▶ _About this exercise_
Pictures in the data should be dropped; transcribe exactly the lines from the one that has "Sexy Slant Shoulder" through the one that has "Neben dem Gedicht".

▶ _Records to process_

• • • • • • •

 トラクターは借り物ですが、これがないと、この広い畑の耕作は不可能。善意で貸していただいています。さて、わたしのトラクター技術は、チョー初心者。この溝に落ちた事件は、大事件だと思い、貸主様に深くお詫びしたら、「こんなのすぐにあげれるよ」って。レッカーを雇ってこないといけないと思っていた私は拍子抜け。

• • • • • • •

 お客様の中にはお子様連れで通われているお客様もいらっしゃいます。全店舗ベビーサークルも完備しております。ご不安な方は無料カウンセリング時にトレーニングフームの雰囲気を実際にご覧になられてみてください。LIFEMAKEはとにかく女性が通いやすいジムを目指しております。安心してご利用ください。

• • • • • • •

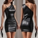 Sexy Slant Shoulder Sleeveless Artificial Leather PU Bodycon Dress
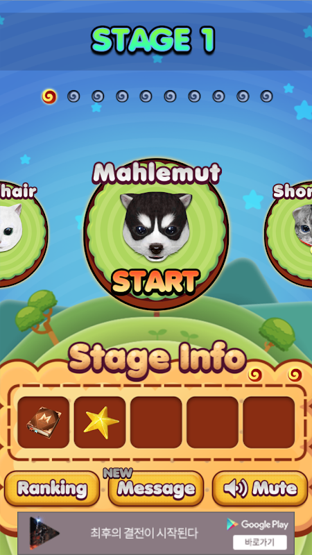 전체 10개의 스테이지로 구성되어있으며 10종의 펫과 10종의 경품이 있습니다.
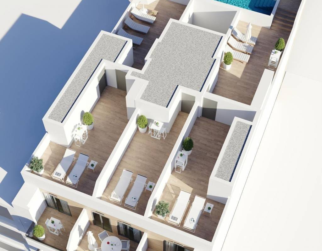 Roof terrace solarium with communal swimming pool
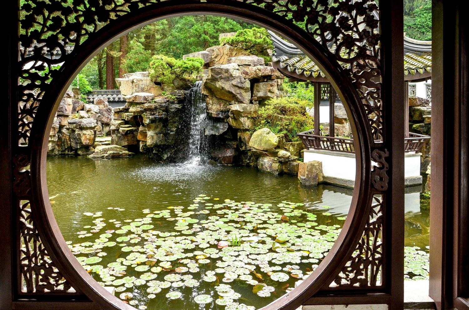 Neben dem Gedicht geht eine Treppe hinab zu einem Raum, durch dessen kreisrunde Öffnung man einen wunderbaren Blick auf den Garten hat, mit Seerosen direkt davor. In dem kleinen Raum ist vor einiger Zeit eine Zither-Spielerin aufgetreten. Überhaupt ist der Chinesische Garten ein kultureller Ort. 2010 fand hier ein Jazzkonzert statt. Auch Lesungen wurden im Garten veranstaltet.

• • • • • • •

▶ _Output_
 Sexy Slant Shoulder Sleeveless Artificial Leather PU Bodycon Dress
 전체 10개의 스테이지로 구성되어있으며 10종의 펫과 10종의 경품이 있습니다.
 Roof terrace solarium with communal swimming pool
 Neben dem Gedicht geht eine Treppe hinab zu einem Raum, durch dessen kreisrunde Öffnung man einen wunderbaren Blick auf den Garten hat, mit Seerosen direkt davor. In dem kleinen Raum ist vor einiger Zeit eine Zither-Spielerin aufgetreten. Überhaupt ist der Chinesische Garten ein kultureller Ort. 2010 fand hier ein Jazzkonzert statt. Auch Lesungen wurden im Garten veranstaltet.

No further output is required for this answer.